AI Tech Letter
(THOSE AREN'T CHICKENS IN YOUR TRANSLATOR APP)
(IBEX)
I was flying back from Monterey last month when I found myself eavesdropping on a fascinating exchange at the customer service counter.
The passenger ahead of me—clearly not a native English speaker—was struggling to explain his situation to an agent who spoke only English.
Then, the agent tapped her screen, and suddenly, she was responding in his language with surprising accuracy.
Curious, I leaned in as she handed him a feedback form. "How was your experience with our new AI-powered translation service?" it read.
When my turn came, she confirmed the system was new. "It’s a game-changer," she said. "Three weeks ago, we'd have needed a translator or spent half an hour playing charades."
This experience came to mind as I dug into IBEX Limited (IBEX), a Washington D.C.-based company positioning itself at the intersection of old-school customer service and cutting-edge AI.
Their business process outsourcing services have earned them a reputation for high-quality omnichannel support across growing offshore markets, with a focus on using AI, automation, and data analytics to transform how brands engage with customers.
Remember when "customer service" meant being stuck on hold for an hour while a recorded voice assured you that your call was "very important"? IBEX is changing that narrative.

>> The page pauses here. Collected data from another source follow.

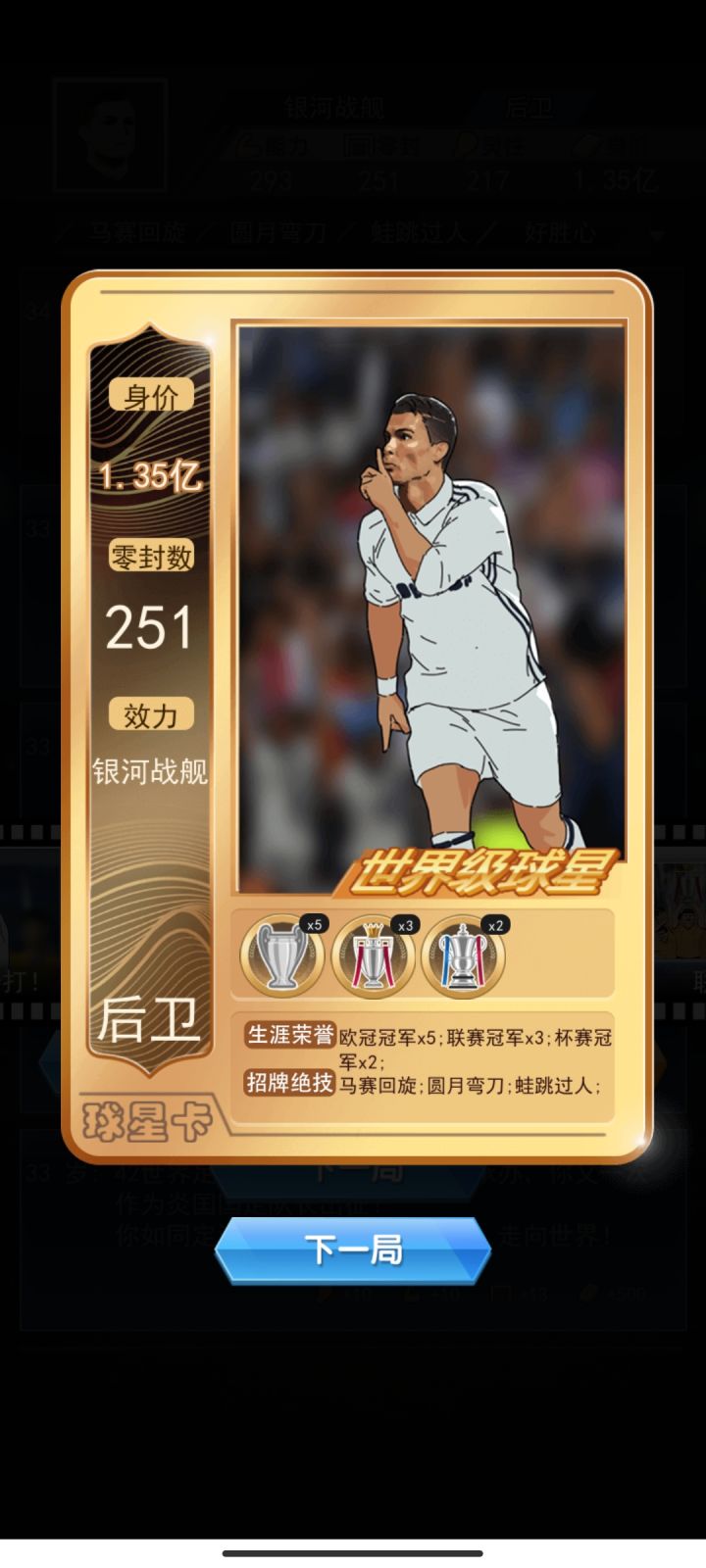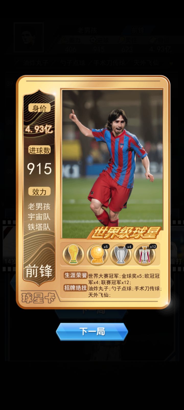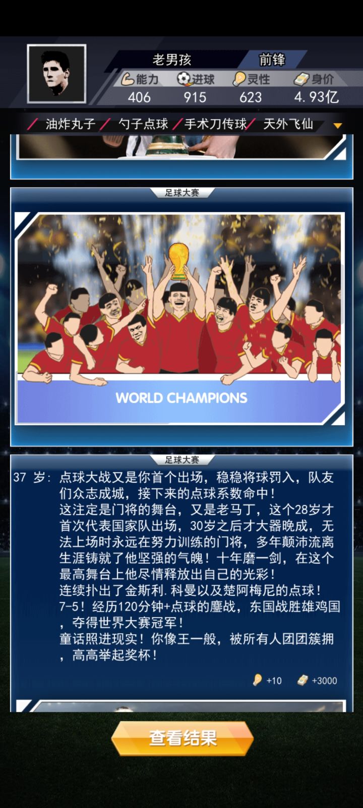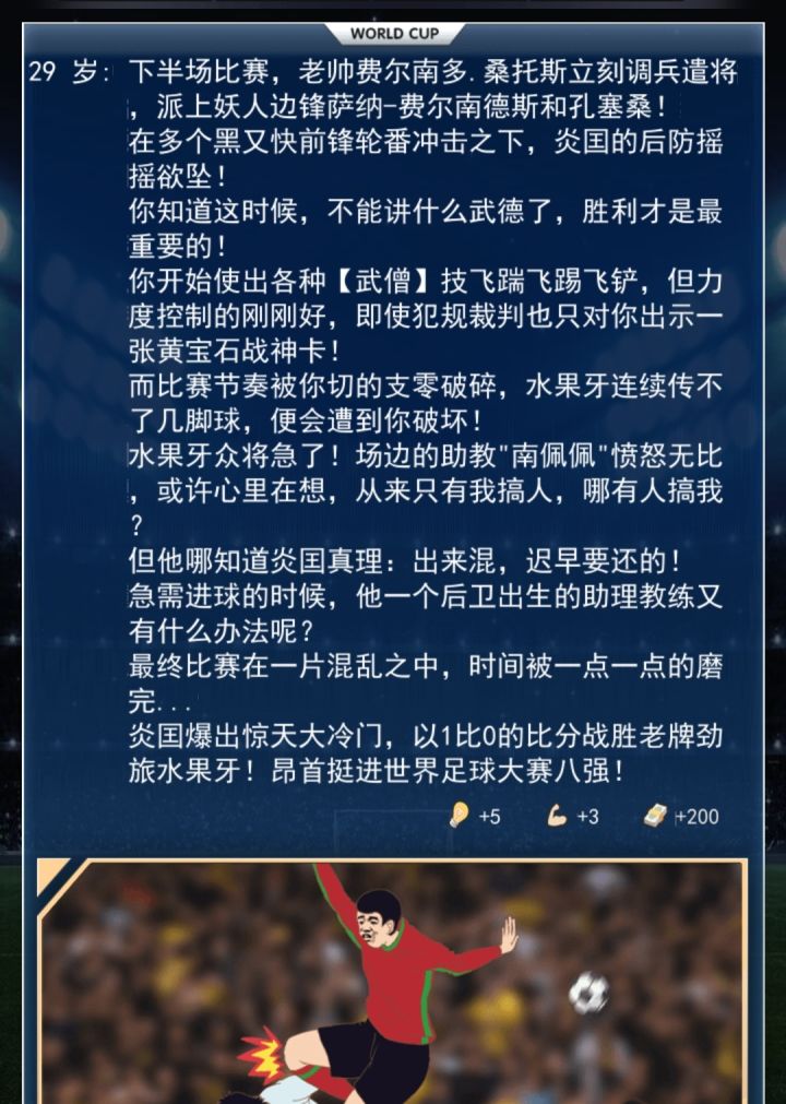 小技巧(个人总结,不一定严谨)这个游戏的关键是36技,只有有足够的36且恰好用得上的技能才能在世界杯走的更远。位置推荐中场,能学的技能多。只要有机会尽量转会,才能多学到技能。前期被大黄蜂选中就去(学技能),中期选俱乐部尽量去球星多出名的俱乐部,学技能的可能性大(比如说银河战舰)不仅是世界杯成绩,如果一直待在一个俱乐部很容易球队变弱了俱乐部成绩也刷不起来。第一届不可能进淘汰赛,第三届就是最强最有机会的了目前我的最好成绩半决赛,过程如下(天外飞仙和武僧真实用😍)
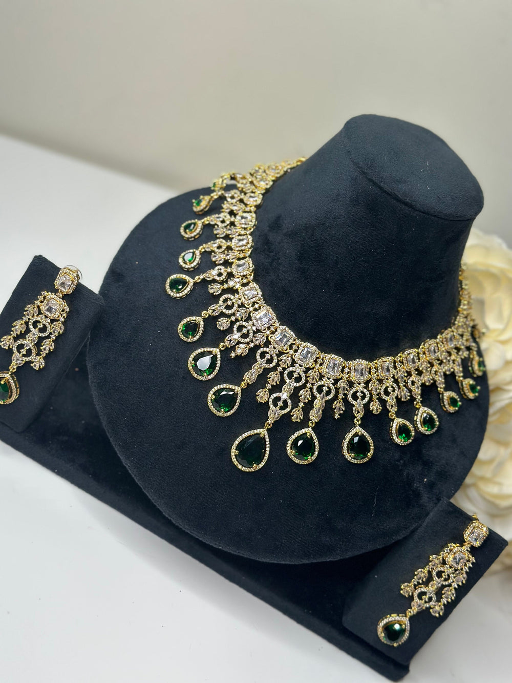 An elegant AD gold and green necklace with earrings for parties and weddings.
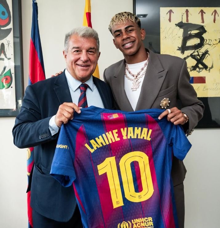 Футболист взял номер, который ранее принадлежит другому вингеру Ансу Фати. Ранее Ямаль выступал за «сине‑гранатовых» под 19‑м номером.

Their Wave iX solutions don't replace humans—they enhance them. One hospitality client now deploys English-speaking agents with AI-powered translation to handle multilingual interactions (goodbye language barriers and soul-crushing hold music).
The quality of these translations is what sets them apart in a world where most translation apps still turn phrases like "welcome gift" into "live chickens" (true story from my last international trip).
Their AI also handles routine inquiries ("What are your hours?") while humans tackle the complex ones ("Why does my new dishwasher sound like it's harboring raccoons?").
It's essentially digital triage at its finest—at least until that gets disrupted too, which in Silicon Valley terms means sometime next Tuesday.
Now, let's talk numbers. IBEX posted a record-breaking second quarter with revenues hitting $140.7 million, up 6.1% year-over-year.
Their "land-and-expand playbook" brought in five new major clients this quarter alone. Earnings per share came in at $0.59 (beating expectations by $0.08), with adjusted EBITDA climbing to $16.5 million and margins improving to 11.8%.
If you're new to investing, beating analyst expectations is like showing up to your in-laws' house with an expensive bottle of wine—it won't solve all your problems, but it certainly helps set a positive tone.
The sector breakdown tells another interesting story.
Offshore operations (now 53% of total revenue) grew by 14%, while HealthTech surged 31%—no surprise to anyone who's visited a doctor's office lately and watched them wrestle with patient management software.
Travel, logistics, and retail also saw healthy increases. A significant move this quarter was IBEX's buyback of 3.6 million shares from TRGI, freeing it from "controlled company" status and helping boost EPS by 36%.
But let's not pop the champagne just yet. For all its strong earnings, IBEX has some glaring weak spots.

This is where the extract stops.